Integrated energy systems are crucial technologies that promote the shift to sustainable energy and enhance energy efficiency. Recovering low-grade industrial waste heat to power an integrated energy system enhances its total energy efficiency, making it the optimal way to optimize the energy structure. This study has developed a novel integrated energy system planning framework for industrial waste heat recovery and utilization, drawing on exergy theory. Addresses a missing aspect in the analysis of exergy network characteristics within integrated energy system planning contexts. We have developed a more detailed planning scheme by analyzing the flow and conversion of exergy in electricity and heat networks. An in-depth examination of exergy conversion and transfer processes in integrated energy systems. The simulation results demonstrate that IES planning based on exergy theory can reduce the total exergy loss of IES to achieve energy saving compared to the energy point of view.
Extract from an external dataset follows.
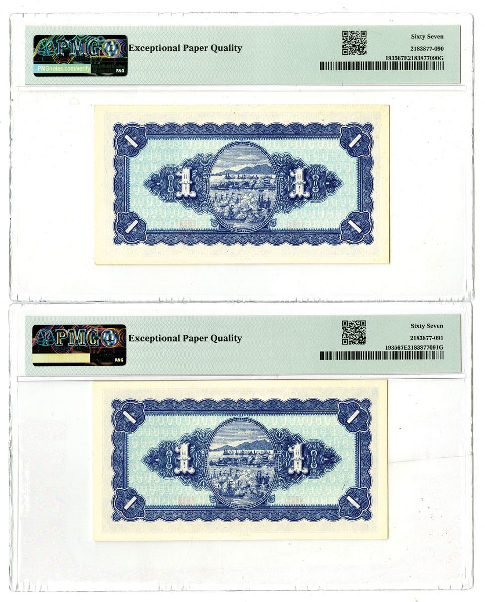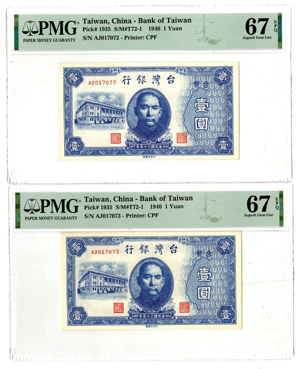 Taiwan, 1946. 1 Yuan, P-1935 S/M#T72-1, Sequential Pair of Issued Banknotes, Blue print, Bank building at left with map of Taiwan at right and portrait of SYS at center, Back is dark blue and light blue with naval battle at center, S/Ns AJ017072 & AJ017073, Both are PMG graded Superb Gem Uncirculated 67 EPQ, CPF. (2). Sold "AS IS" no returns accepted.

Moreover, compared to a planning scheme that does not incorporate industrial waste heat, this study has successfully reduced the system’s total energy loss by 27.3% and decreased total operating costs by 20.6%. Consequently, the energy-saving objective has been efficiently accomplished, resulting in significant economic and environmental benefits.

Keywords

• Conversion and transfer process
• exergy
• energy efficiency
• integrated energy system
• industrial waste heat
• multi-energy coupling